• Title: Objects can be associated with a PREMIS event service
  • Primary Actor:
  • Scope:
  • Level:
  • Story: An object can be associated with a listener for PREMIS events. This listener should receive event message rather than whole documents, but be able to export a log of the event history. Attempting to emulate this in Fedora 3.x requires constant replacement of an XML document, and has collision problems when integrated into a system of parallel, distributed repository processes.

 

12 Comments

  1. A. Soroka asks: "Ben-- under "Flexible types of stored entities", are you contemplating a meta-contract that would be exposed to the community and its developers for people to fulfill in order to create new providers for these kinds of entities? E.g. someone (J. Random Fedora Institution) who wants to add a "PREMIS module" would be able to fulfill a certain meta-contract with the repository architecture and interfaces and guarantee themselves of good operation? Or is this about work that we might do near-term in the core of the project to actually produce some of these new kinds of providers?"

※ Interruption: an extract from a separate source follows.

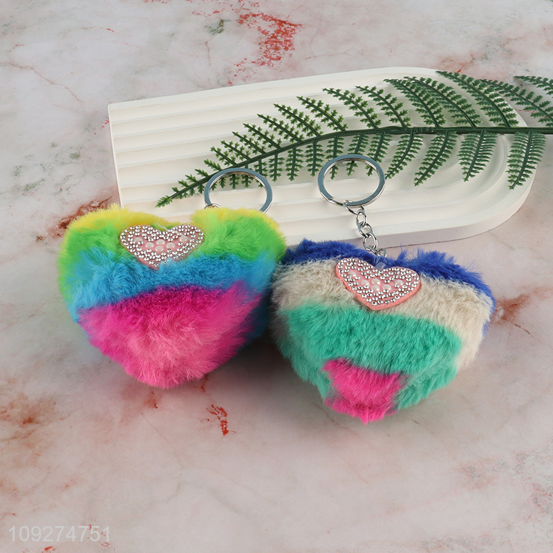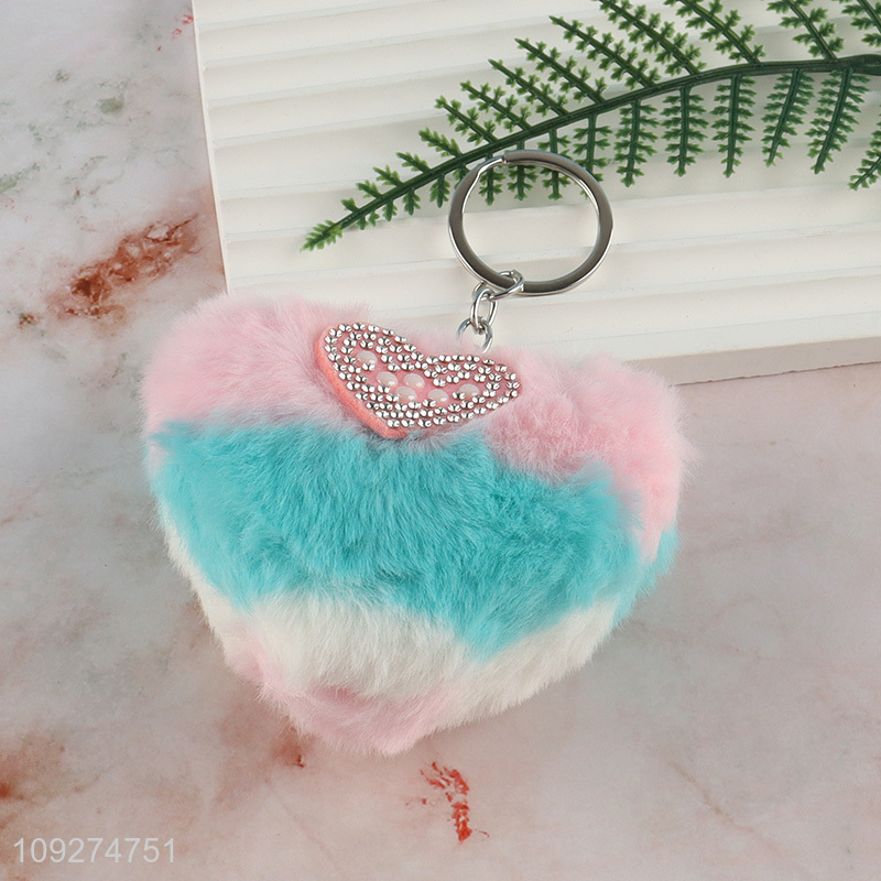 Popular products heart shape plush keychain key rings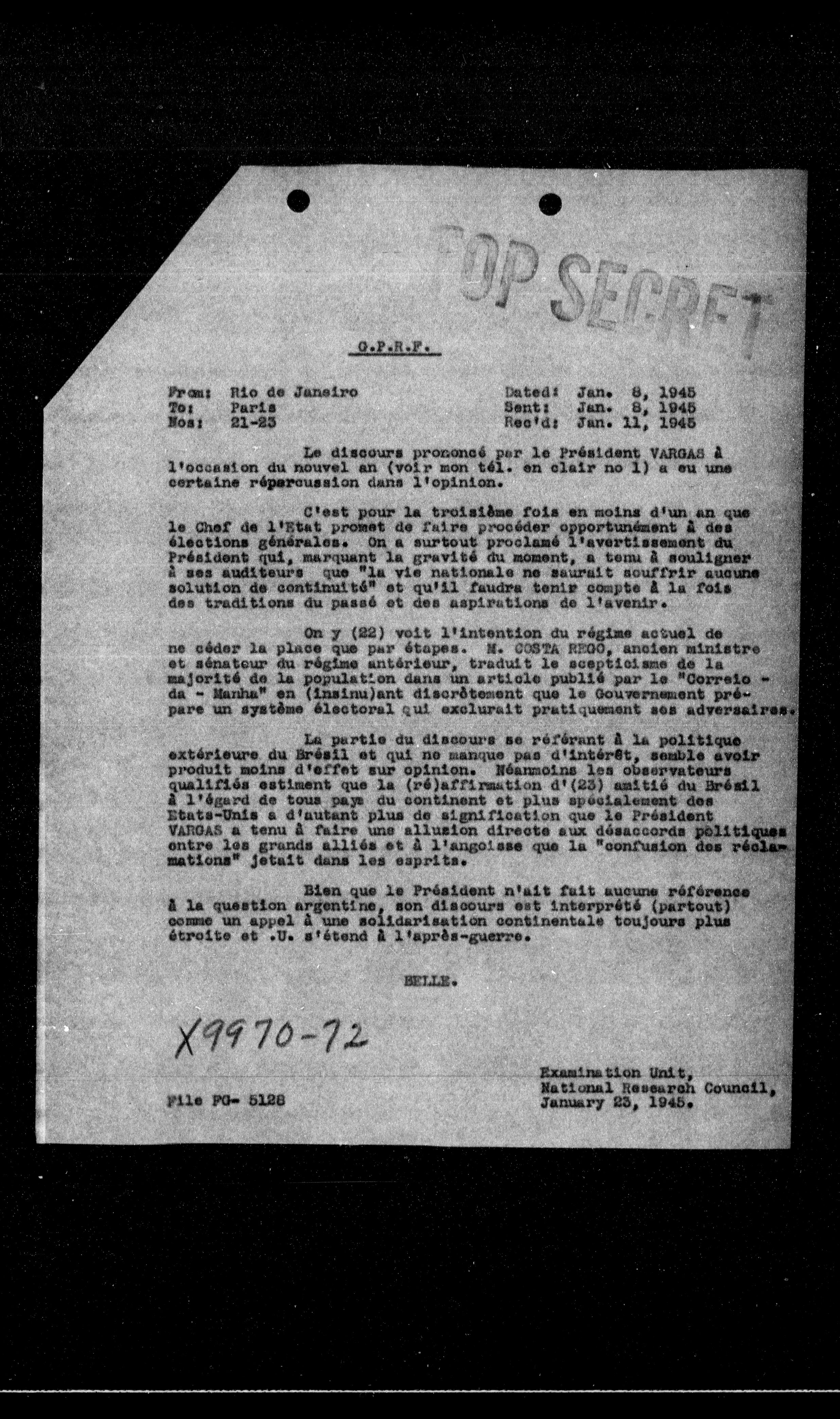 Le discours prononcé par le Président VARGAS a l'occasion du nouvel an (voir mon tel. en clair no 1) a eu une certaine répercussion dans l'opinion.

  2. Does this story also include how these entities are store (e.g. non-filesystem storage)? At Stanford, we store workflow data in a RDBMS (and poke it through the Fedora object as an externally managed datastream). It'd be (interesting, at least) if Fedora could provide read/write/(append?) access to the data, storing it in the database (and somehow make static copies for preservation purposes?)

    1. Adam: Yes, the first; exactly

      Chris: Yes, the particular use case I have in mind is this kind of event logging- something that non-locking replacement of bytestreams can't really serve effectively in a high-traffic environment.  But ideally, the meta-contract (borrowing Adam's term above) can be used to implement arbitrary "types"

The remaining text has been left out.